(Required action):
No pictures belong in the copy. Retype exactly, and only, the stretch of lines below from the one with "Gyönyörű textúra jellemzi" through the one with "भारत के विदेश".

──────── Supplied entries ────────

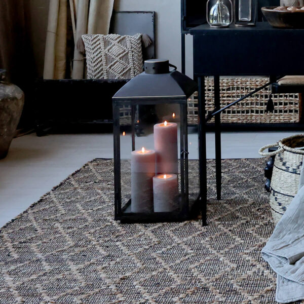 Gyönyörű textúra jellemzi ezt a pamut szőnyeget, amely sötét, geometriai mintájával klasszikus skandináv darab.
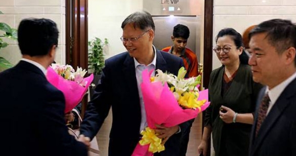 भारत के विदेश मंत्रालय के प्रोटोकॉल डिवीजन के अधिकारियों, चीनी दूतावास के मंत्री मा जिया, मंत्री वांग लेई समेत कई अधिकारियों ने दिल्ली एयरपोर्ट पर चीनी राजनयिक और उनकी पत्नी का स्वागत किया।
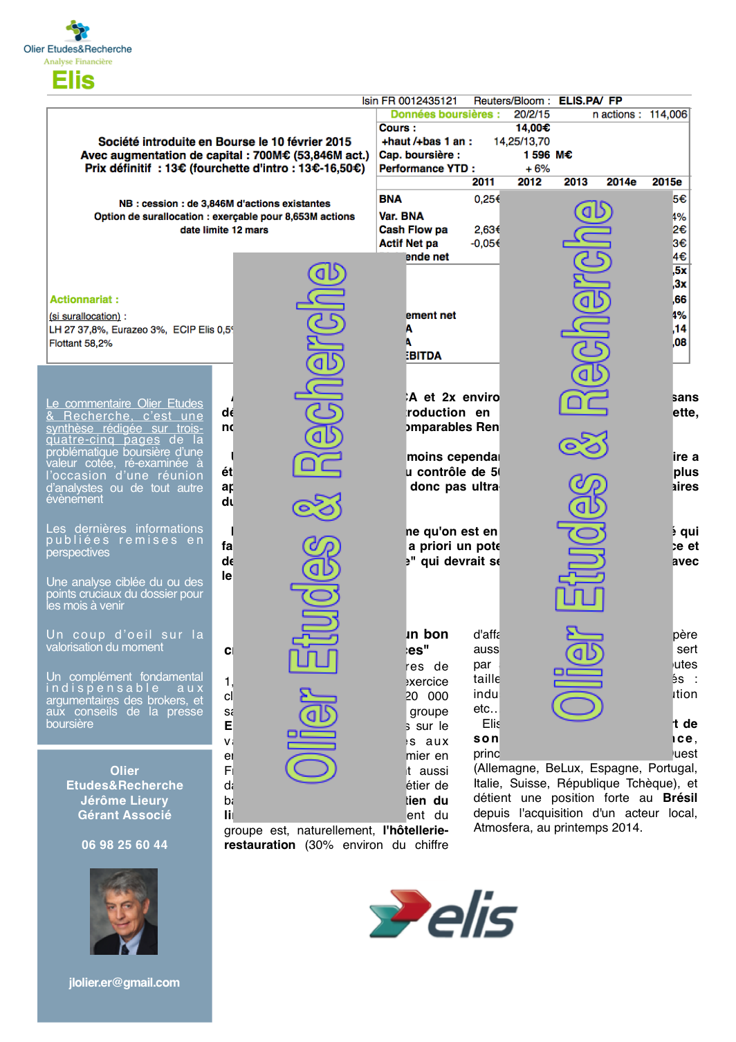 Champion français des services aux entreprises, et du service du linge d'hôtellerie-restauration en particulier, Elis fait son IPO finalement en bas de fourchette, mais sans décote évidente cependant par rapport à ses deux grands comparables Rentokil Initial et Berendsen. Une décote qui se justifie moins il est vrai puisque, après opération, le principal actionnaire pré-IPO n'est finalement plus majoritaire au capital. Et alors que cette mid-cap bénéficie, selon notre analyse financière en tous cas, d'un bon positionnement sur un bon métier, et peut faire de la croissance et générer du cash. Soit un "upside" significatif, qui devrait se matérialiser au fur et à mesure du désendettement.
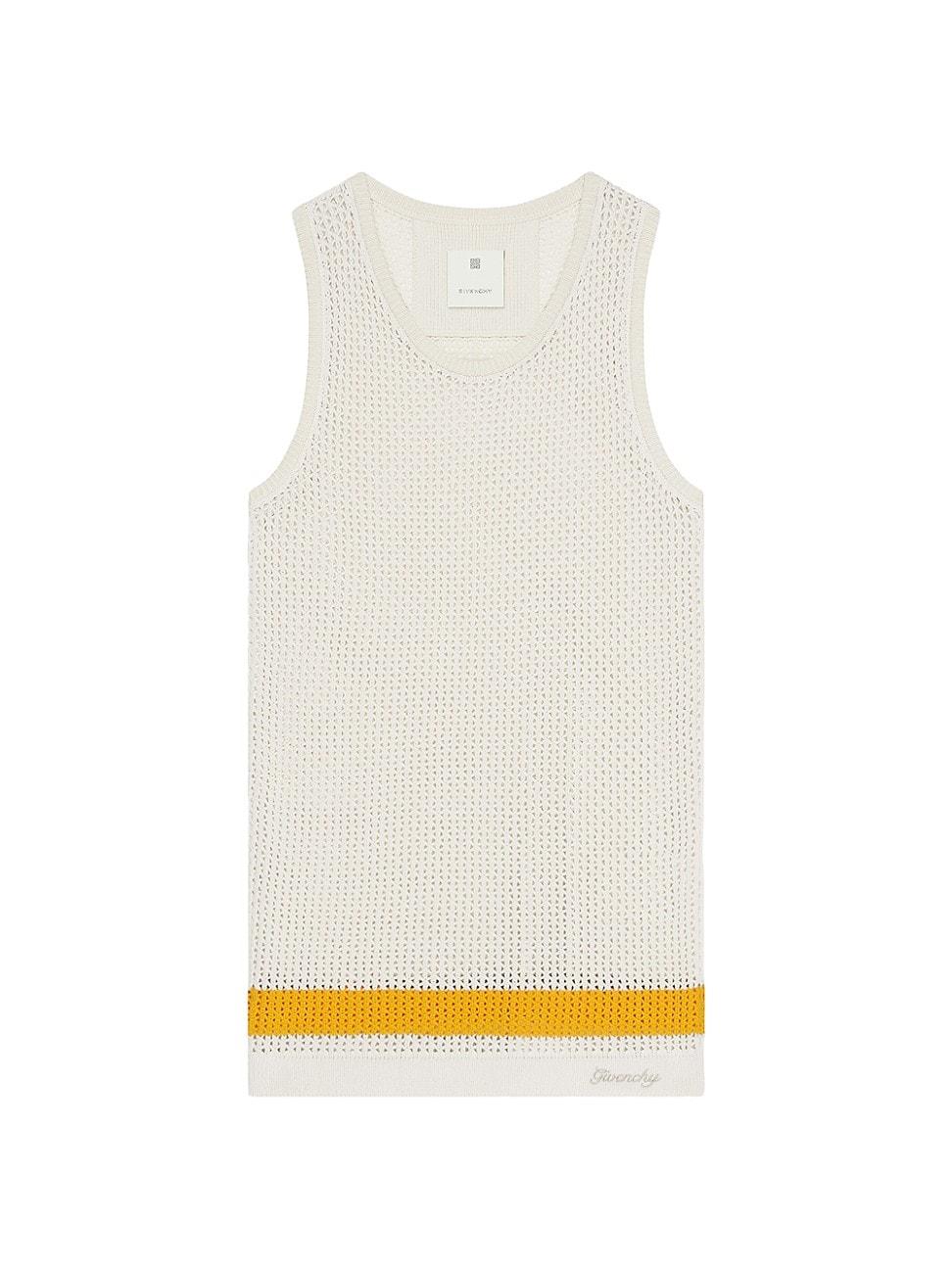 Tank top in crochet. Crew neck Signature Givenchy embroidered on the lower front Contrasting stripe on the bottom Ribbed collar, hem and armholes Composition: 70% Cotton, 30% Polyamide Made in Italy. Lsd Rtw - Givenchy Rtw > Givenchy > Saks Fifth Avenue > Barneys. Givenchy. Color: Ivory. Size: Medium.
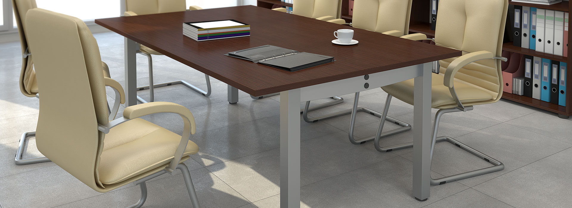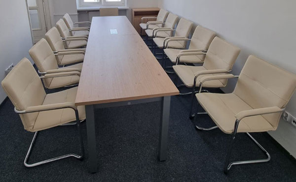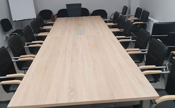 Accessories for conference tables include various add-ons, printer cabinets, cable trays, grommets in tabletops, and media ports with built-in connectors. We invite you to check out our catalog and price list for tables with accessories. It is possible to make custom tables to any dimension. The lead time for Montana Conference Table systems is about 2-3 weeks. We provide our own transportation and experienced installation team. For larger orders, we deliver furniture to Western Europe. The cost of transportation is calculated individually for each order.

────────
──────── Supplied entries ────────

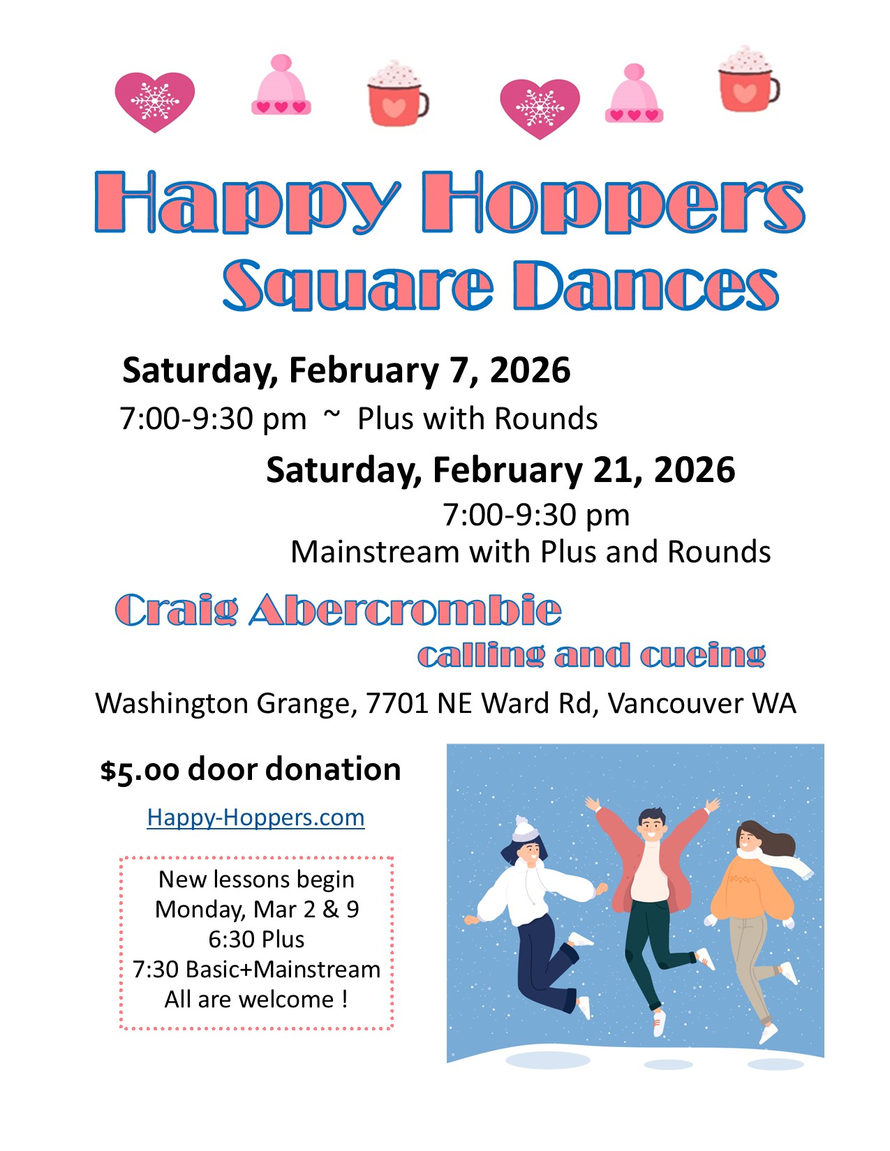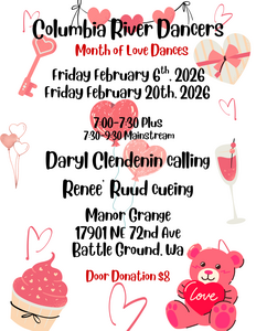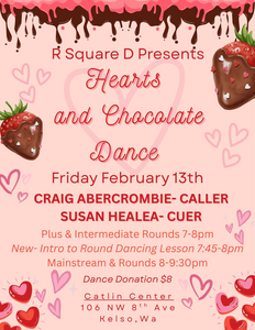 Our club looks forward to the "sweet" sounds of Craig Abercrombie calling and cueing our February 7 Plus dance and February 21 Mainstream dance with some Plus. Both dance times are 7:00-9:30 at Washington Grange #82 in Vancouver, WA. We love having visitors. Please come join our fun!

────────
──────── Supplied entries ────────

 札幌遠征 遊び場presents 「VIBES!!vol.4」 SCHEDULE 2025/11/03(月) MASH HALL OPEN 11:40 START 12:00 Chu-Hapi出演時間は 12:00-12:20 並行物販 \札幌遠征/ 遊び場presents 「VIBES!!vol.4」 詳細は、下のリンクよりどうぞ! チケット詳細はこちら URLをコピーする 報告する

────────

(Response to the task):
 Gyönyörű textúra jellemzi ezt a pamut szőnyeget, amely sötét, geometriai mintájával klasszikus skandináv darab.
 भारत के विदेश मंत्रालय के प्रोटोकॉल डिवीजन के अधिकारियों, चीनी दूतावास के मंत्री मा जिया, मंत्री वांग लेई समेत कई अधिकारियों ने दिल्ली एयरपोर्ट पर चीनी राजनयिक और उनकी पत्नी का स्वागत किया।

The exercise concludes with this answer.